(Recorded data)
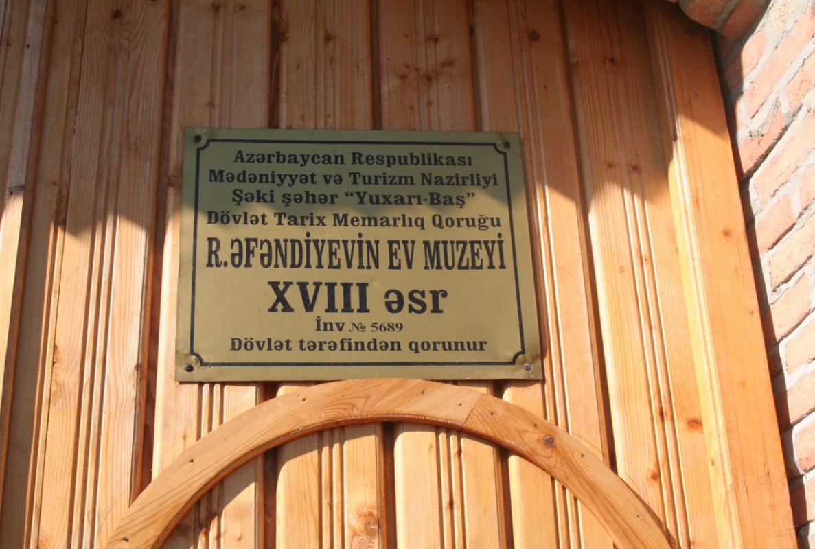 Здание, где размещен музей, было построено в конце XVIII - начале XIX веков с использованием речного камня и кирпича. Здание музея двухэтажное. Нижний этаж состоит из двух комнат и подвала, а верхний этаж - из трех комнат, одного маленького коридора и отделов. В музее есть 2281 экспонат. Он состоит из четырех отделов. В первом отделе находится бюст Рашид-бек Эфендиева и экспонаты, отражающие его деятельность. Экспонатами этого отдела являются первая пьеса литератора "Пламя крови" (1979 год), написанная им в годы учебы в Горийской семинарии по совету его учителя А. О. Черняевского, а также учебники "Детский сад", "Бесиратул-афтал", произведения "Щедрость бороды", "Если бы сосед был соседом, слепая девушка вышла бы замуж", "Роза", "Зубная боль", "Город Тифлис", "Любитель денег" и др. В этом отделе сохраняются и переведенные Р.Эфендиевым повесть "Рустам и Сохраб" из произведения Фирдовси "Шахнаме" и книга Прудона "Психология".
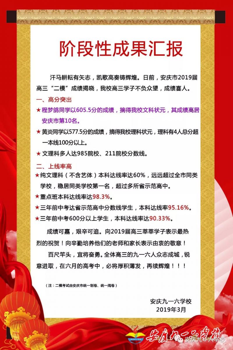 2019年安庆市高三“二模”成绩喜人
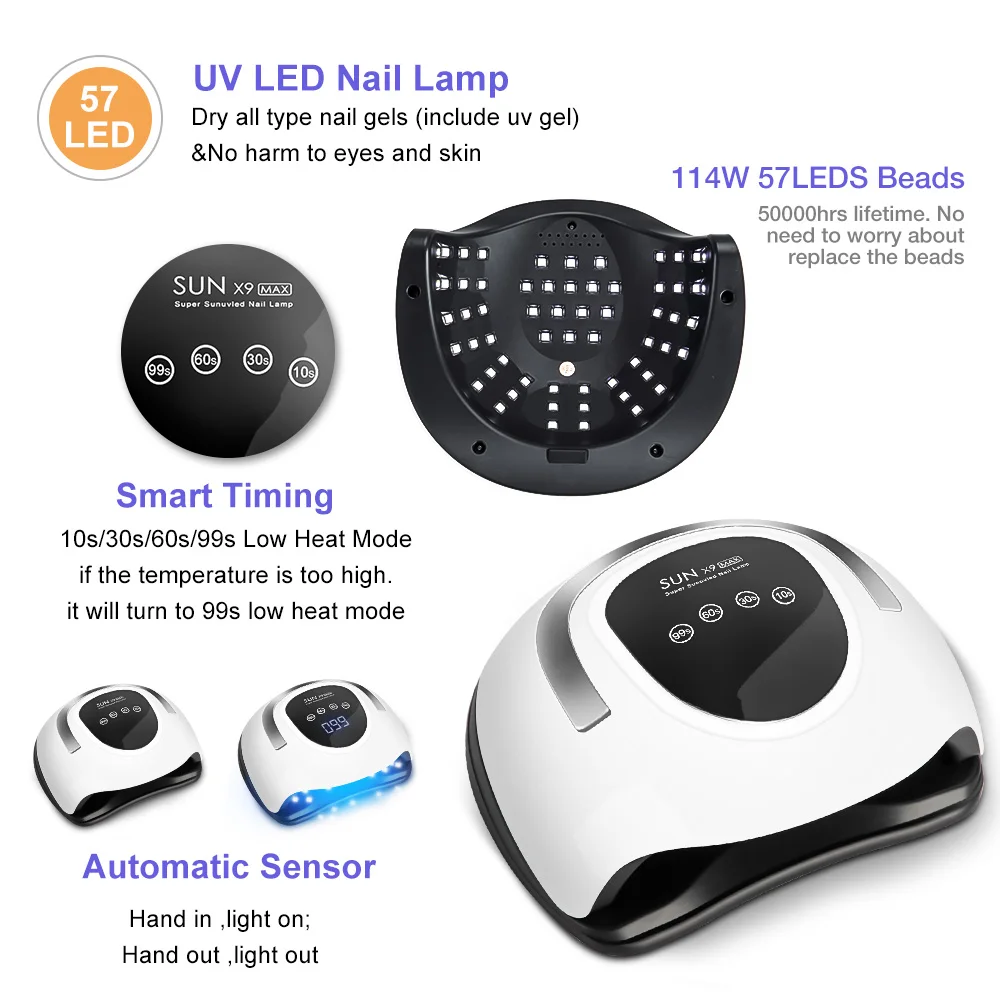 90/114W Светодиодная УФ-лампа для ногтей для маникюра ногтей сушильная машина 45/57 Светодиодный УФ лед лампа для сушки Гель-лак с автоматическим Сенсор
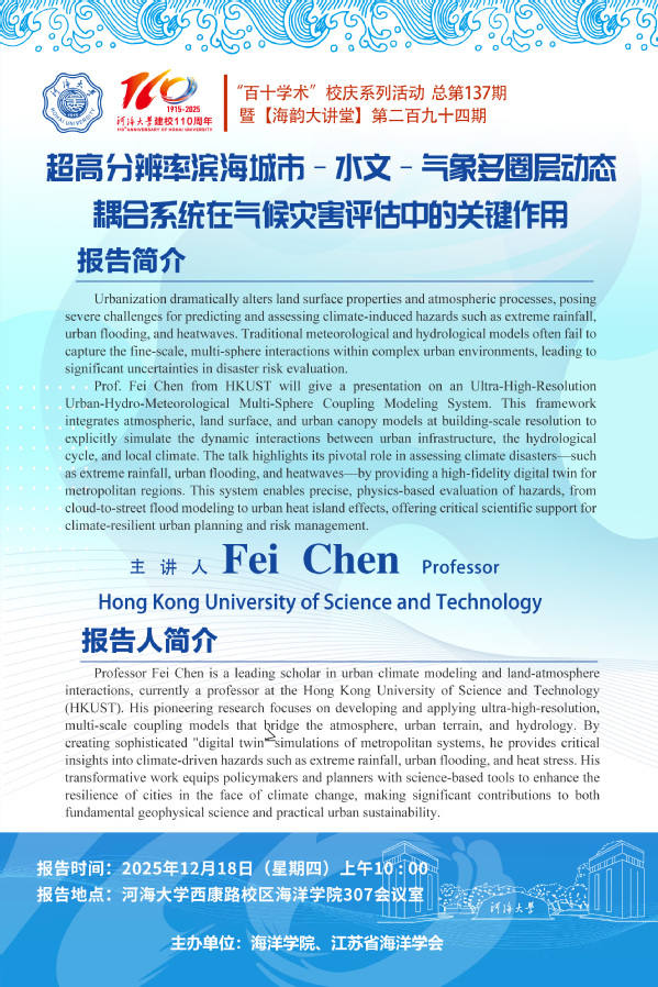 “百十学术”系列活动第137期——Fei Chen教授:超高分辨率滨海城市–水文–气象多圈层动态耦合系统在气候灾害评估中的关键作用
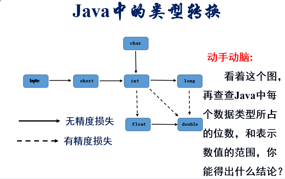得出的结论是表示数据范围小的向大的转化是无精度损失,小的向大的可能会出现精度损失。
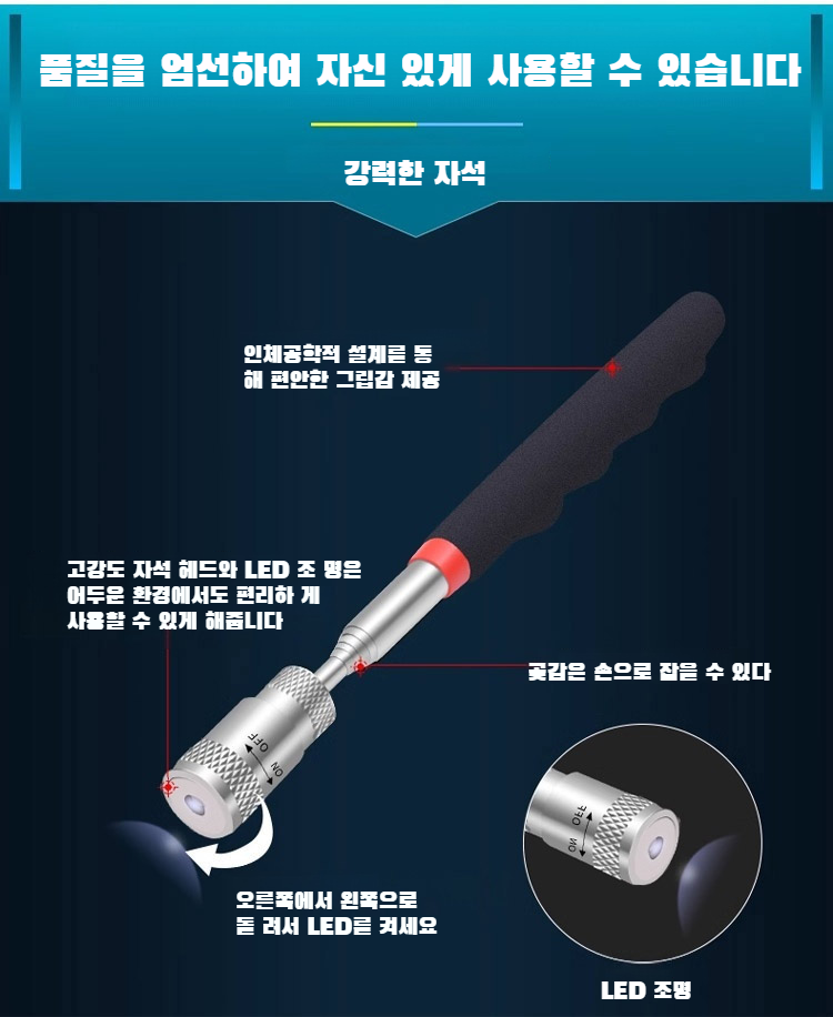신축 자석 픽업 레드 라이트 포함 강력 자석 금속 흡인봉 공구 부품 자석 픽업 흡인봉
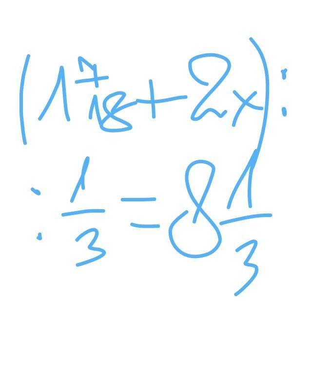 25/18+2x×3/1=25/3. 25/8(умножим на х)+3/2x(умножим на 9)=25/3(умножим на 6х) 25x+27/18x=150x/18x. 25x+27-150x/18x=0. -125x+27/18x=0. -125x+27=0. -125x=-27. x=-27/-125. x=0.216
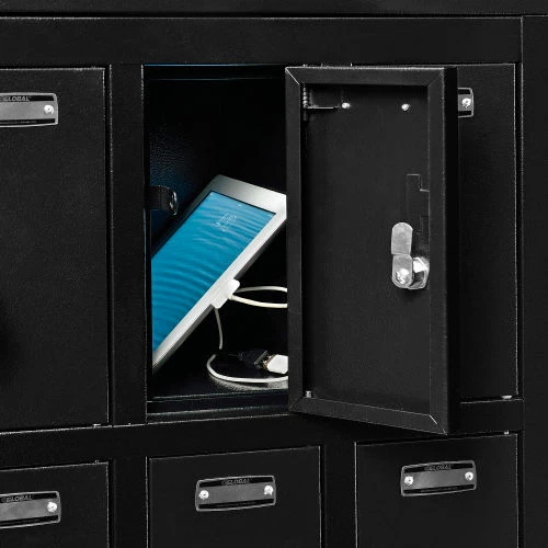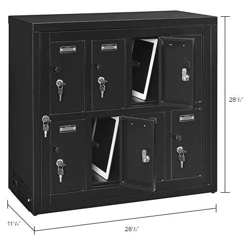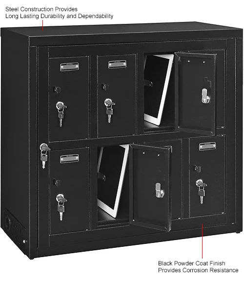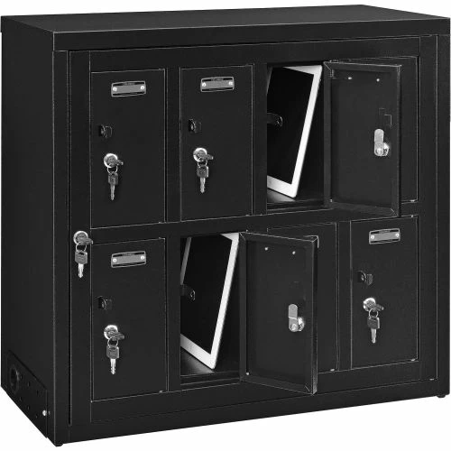 Global Industrial 8-Door Device Locker With Key Lock, 28-1/2"W x 11-1/4"D x 26-3/4"H, Black
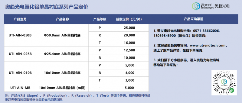 奥趋光电氮化铝单晶衬底系列产品定价及购买渠道
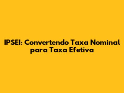 IPSEI: Convertendo Taxa Nominal Para Taxa Efetiva
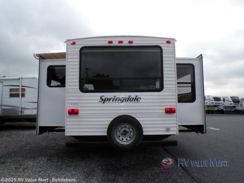 Keystone Springdale Travel Trailer w/Rear Entertainment Including: Full End Wall Ent. Center w/Retractable LCD TV, 2 Lounge Chair Slide out, Air Bed Sofa & U-Dinette Slide, Overhead Cabinets Above Sofa, Pantry, Kitchen Sink, 3 Burner Range, Refrigerator, Walk-Thru Bath w/Angle Shower, Toilet & Vanity w/Sink, Front Queen Bed w/Closets & Nightstands, Pass-Thru Storage in Front & Rear Slide out Exterior Storage.
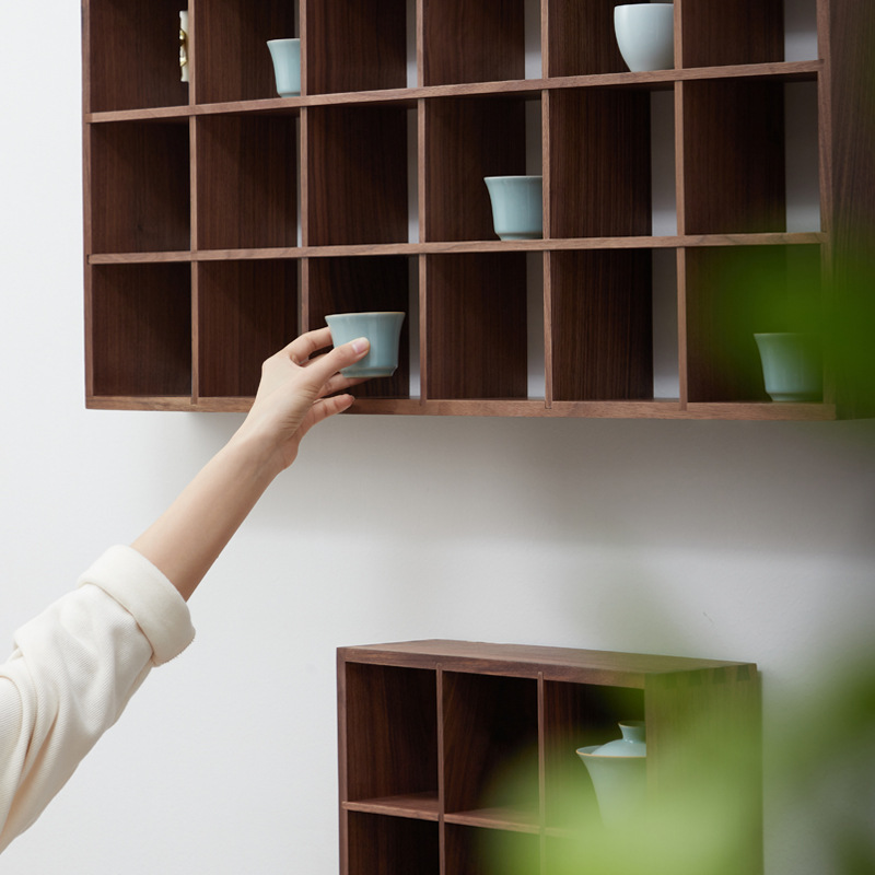 Black Walnut Wall-mounted Duobao Pavilion Tea Cup Ornaments Storage Rack Chinese Style Solid Wood Desktop Archaic Rack Wall Hanging
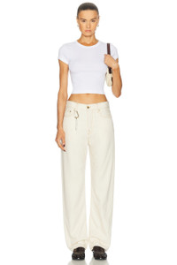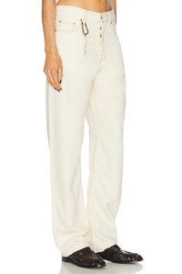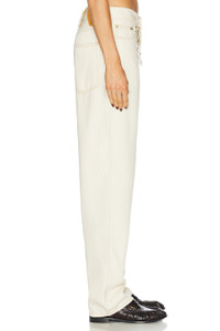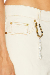 Details - Self: 67% cotton, 33% lyocell - Lining: 100% cotton - Made in Italy - Machine wash - Button fly - 5-pocket design - Split leather logo patch at back waist - Optional faux pearl keychain - Rigid denim fabric - Our Style No. DPAF-WJ24 - Manufacturer Style No. WTR53 TWB03 0009
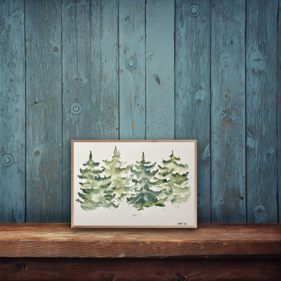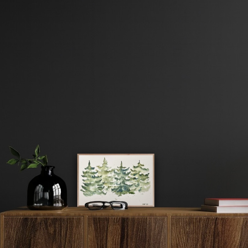 Choinki to oryginalna akwarela namalowana na profesjonalnym papierze akwarelowym 300g. Format a4. Praca jest sygnowana z przodu oraz podpisana z tyłu.

_Work request_
Where the line containing "Black Walnut Wall-mounted" appears, begin copying there and continue exactly through the final line of the records; both end lines belong in the copy, pictures do not.

_Exercise result_
 Black Walnut Wall-mounted Duobao Pavilion Tea Cup Ornaments Storage Rack Chinese Style Solid Wood Desktop Archaic Rack Wall Hanging
 Details - Self: 67% cotton, 33% lyocell - Lining: 100% cotton - Made in Italy - Machine wash - Button fly - 5-pocket design - Split leather logo patch at back waist - Optional faux pearl keychain - Rigid denim fabric - Our Style No. DPAF-WJ24 - Manufacturer Style No. WTR53 TWB03 0009
 Choinki to oryginalna akwarela namalowana na profesjonalnym papierze akwarelowym 300g. Format a4. Praca jest sygnowana z przodu oraz podpisana z tyłu.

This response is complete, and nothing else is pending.